Alibaba just dropped the new Qwen3-Next, a fresh model architecture that’s designed for long-context understanding, massive parameter scaling, and seriously efficient computation. The company says this leap forward comes from a mix of architectural tricks like a hybrid attention mechanism and a super-sparse Mixture of Experts setup, which together give it strong performance while keeping costs low.
The first model using this design, Qwen3-Next-80B-A3B-Base, packs 80 billion parameters but only lights up 3 billion of them during inference. Both Instruct and Thinking versions are now open-sourced and up on Hugging Face, Kaggle, and Alibaba Cloud’s ModelScope. What makes it stand out is how it beats the dense Qwen3-32B while using less than 10% of its training cost and delivering over 10x higher throughput for tasks with context lengths beyond 32K tokens.
Alibaba also built specialized versions such as the Qwen3-Next-80B-A3B-Instruct model hits the same performance level as the company’s 235B-parameter flagship, but with native support for a 256K context window that can stretch up to a million tokens. Meanwhile, the Qwen3-Next-80B-A3B-Thinking model shines at complex reasoning, even outperforming one of the top closed-source reasoning models and getting close to Alibaba’s own 235B-parameter thinking variant.
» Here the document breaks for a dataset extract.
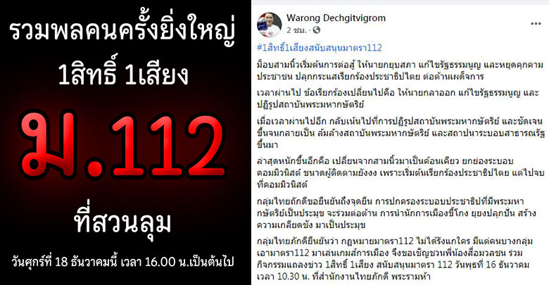 นพ.วรงค์ เดชกิจวิกรม ประธานกลุ่มไทยภักดี ระบุข้อความผ่านเฟซบุ๊กส่วนตัว “Warong Dechgitvigrom” โดยมีใจความว่า 1สิทธิ์1เสียงสนับสนุนมาตรา112 กลุ่มไทยภักดีขอยืนยันถึงจุดยืน การปกครองระบอบประชาธิปที่มีพระมหากษัตริย์เป็นประมุข จะร่วมต่อต้าน การนำนักการเมืองขี้โกงยุยงปลุกปั่นสร้างความเกลียดชังมาเป็นประมุข กลุ่มไทยภักดียืนยันว่า กฎหมายมาตรา112 ไม่ได้รังแกใคร มีแต่คนบางกลุ่ม เอามาตรา112 มาเล่นเกมการเมือง จึงขอเชิญชวนพี่น้องสื่อมวลชน ร่วมกิจกรรมแถลงข่าว 1สิทธิ์ 1เสียง สนับสนุนมาตรา 112 วันพุธที่ 16 ธันวาคม เวลา 10.30 น. ที่สำนักงานไทยภักดี พระราม5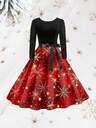 圣诞节复古圣诞树、驯鹿、雪人印花高腰拼接长袖 A 字裙配丝带

The secret sauce here includes hybrid attention (blending Gated DeltaNet and Gated Attention to improve in-context learning while cutting down computation), an ultra-sparse MoE setup that only activates 3.7% of parameters per inference, and multi-token prediction for faster, smoother performance. On top of that, the model was trained on 15 trillion tokens pulled from the larger Qwen3 corpus, making it more deployment-friendly—even for consumer-grade hardware.
But that’s not all Alibaba has been cooking up. Just days ago, it launched Qwen3-ASR-Flash, a new automatic speech recognition model trained on tens of millions of hours of multilingual audio. It works across 11 major languages and multiple Chinese dialects, while also handling a wide range of English accents. It is even capable of transcribing song lyrics even with heavy background music, while filtering out noise in tough acoustic environments. Developers can play with it via APIs on Alibaba Cloud’s Model Studio, Hugging Face, or ModelScope.
And last week, Alibaba gave an early look at Qwen3-Max, its largest non-thinking model so far, weighing in at over 1 trillion parameters. Already ranked No.6 in Text Arena, Qwen3-Max-Preview handles both Chinese and English instructions more reliably than older models, with fewer hallucinations and stronger performance in math, coding, logic, and reasoning. Supporting 100+ languages and optimized for workflows like RAG and tool calling, it’s positioned as a versatile powerhouse for advanced AI tasks.
With Qwen3-Next, Qwen3-ASR-Flash, and Qwen3-Max lining up, it’s clear Alibaba is doubling down on efficiency, multilingual strength, and scaling AI to new heights.